Эндориан сделал шаг назад, его сапоги хрустнули по тонкому слою снега на террасе, и морозный воздух ворвался между ними, словно пытаясь разорвать эту нить напряжения, что натянулась до предела. Его взгляд – тёмный, непроницаемый – всё ещё цеплялся за её фигуру, но он отступил, чтобы вернуть себе контроль, чтобы заглушить это тепло, что поднималось в груди, как угли под пеплом. Ливиана стояла перед ним, её утончённая силуэт выделялся в полумраке, чёрная повязка на глазах казалась частью ночи, что обволакивала её, а мягкие пряди каштановых волос дрожали на ветру, касаясь её шеи. Но она не дала ему уйти – её рука метнулась вперёд, пальцы – холодные, как лёд, но твёрдые, как сталь – поймали его запястье, сжав его с неожиданной силой. Эндориан замер, его дыхание сбилось, пар вырвался изо рта, смешиваясь с её собственным, что поднималось облачками в морозном воздухе.

Она подалась ближе, её грудь почти коснулась его доспехов, платье шелестело, цепляясь за грубую ткань его плаща, и её голос стал шёпотом – глубоким, низким, пропитанным иронией и намёком, что резали, как тонкий клинок, но манили, как зов из тени:

– Я чувствую её, Эндориан. Твою тьму. Это не просто проклятие, что дремлет в крови твоего рода – она жива, шевелится в тебе прямо сейчас, как зверь, что рвётся из клетки. Скажи, боишься ли ты того, что я могу увидеть, если сорву эту повязку и взгляну на неё своими глазами?

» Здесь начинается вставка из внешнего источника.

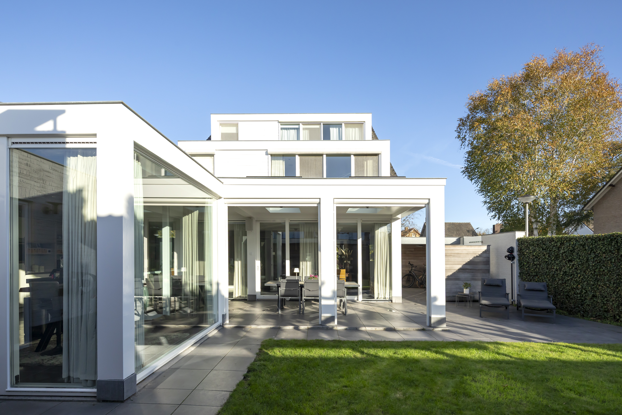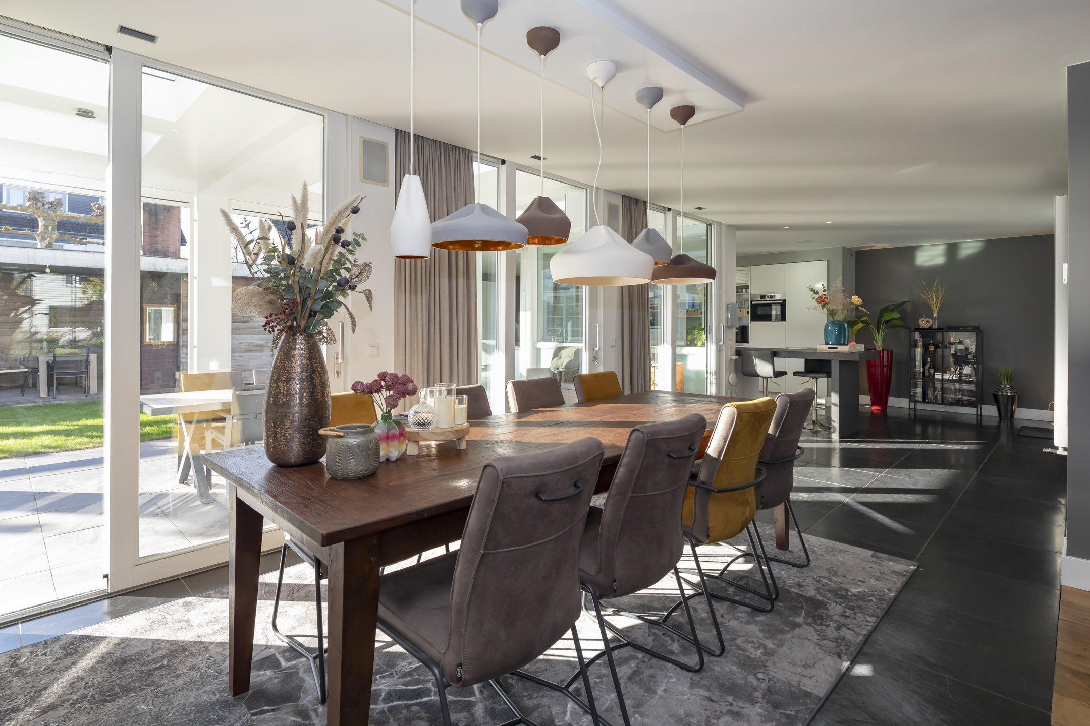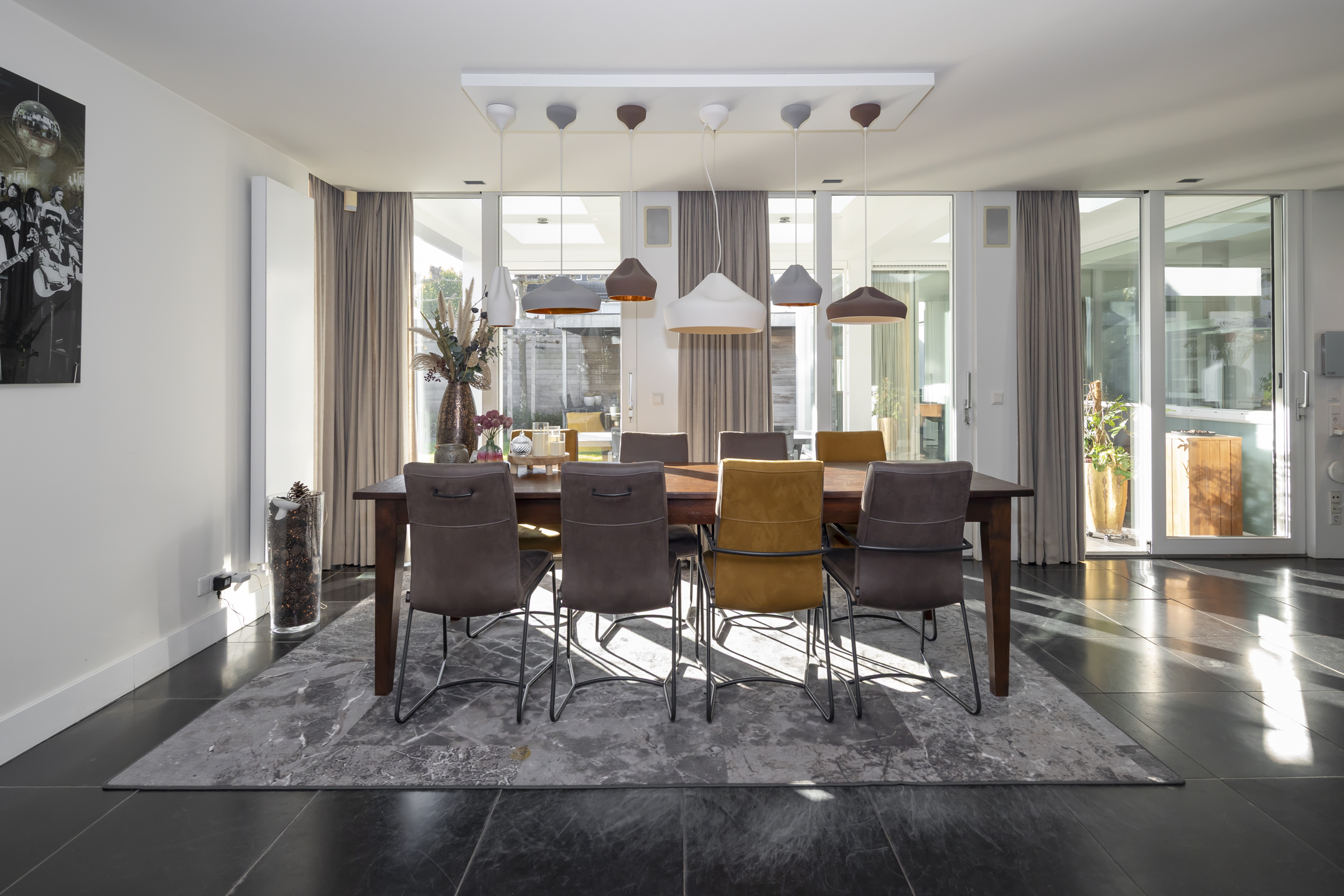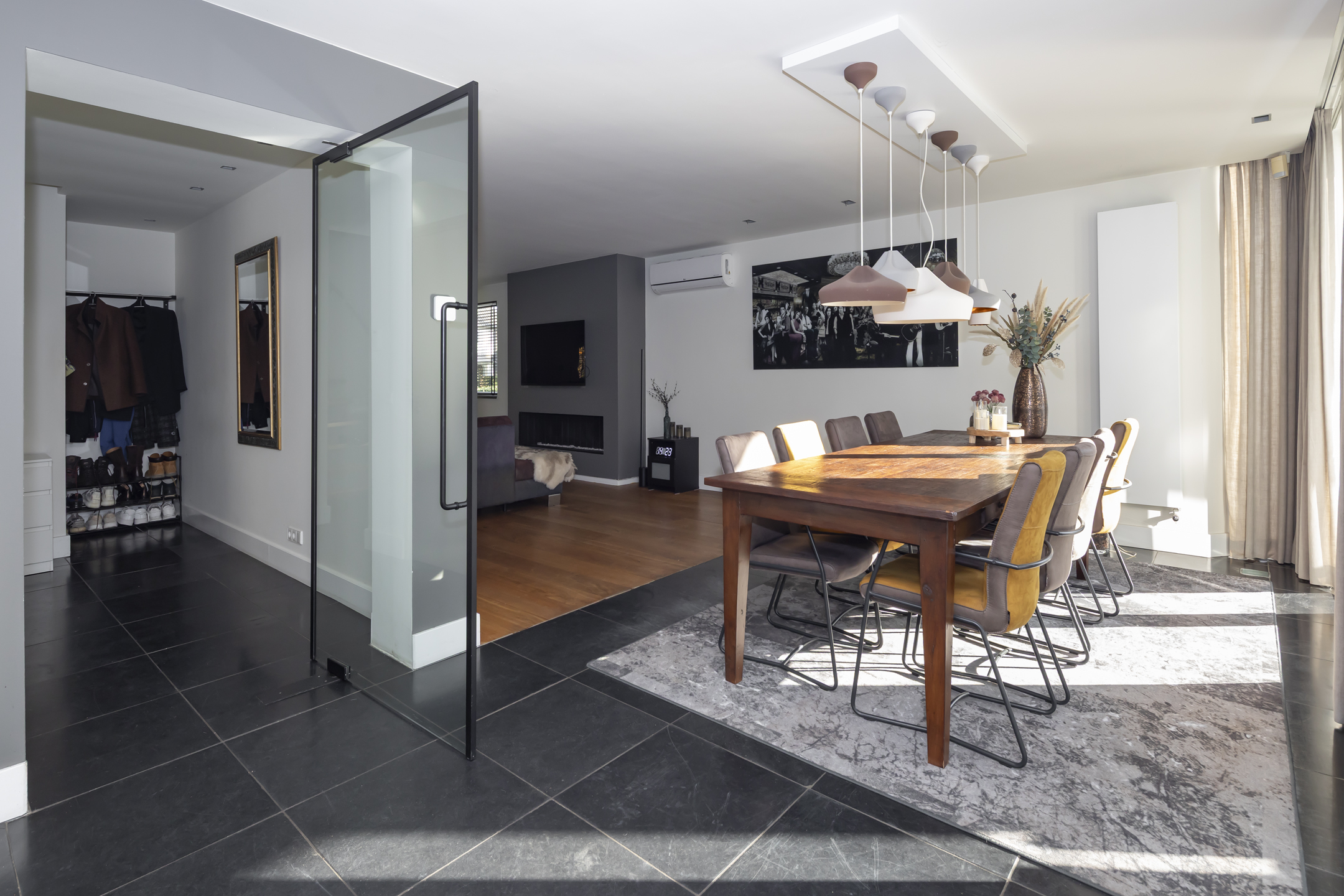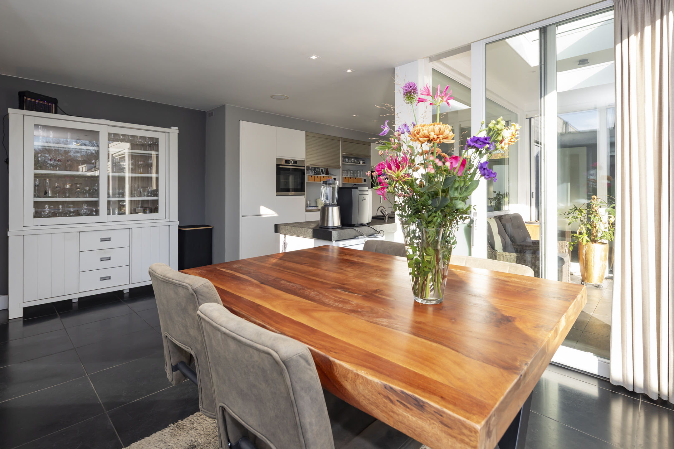 Ook direct naast de keuken, waar nu een hoge eettafel staat, is een fijne ruimte waar je heerlijk kunt zitten. Volledig door een glazen pui omsloten, dus een optimale lichtinval en zicht op de tuin.

Её слова ударили по нему, как порыв ветра, что ворвался на террасу, холодный и резкий, но в то же время обжигающий, как пламя, что лизнуло кожу. Они стояли так близко, что он чувствовал тепло её тела, пробивавшееся сквозь мороз, её запах – травяной, с ноткой земли – смешивался с его собственным, грубым, пропитанным железом и дымом. Её лицо было в ладони от его, её губы – чуть приоткрытые, полные – дрожали от дыхания, и Эндориан ощутил, как их тепло коснулось его, мягкое, но настойчивое. Небо над ними горело тонким серпом луны, его бледный свет отражался в снежинках, что медленно падали, кружась, как звёзды, что сорвались с небес. Одна из них опустилась на её щеку, растаяла под теплом её кожи, оставив каплю, что блеснула в полумраке, и этот миг был как вспышка – их губы соприкоснулись, едва, но ярко, как молния, что разрывает ночь. Её дыхание – тёплое, чуть сладкое – смешалось с его, грубым и тяжёлым, как искра, что пробежала по их телам, зажигая что-то глубокое, что нельзя было остановить.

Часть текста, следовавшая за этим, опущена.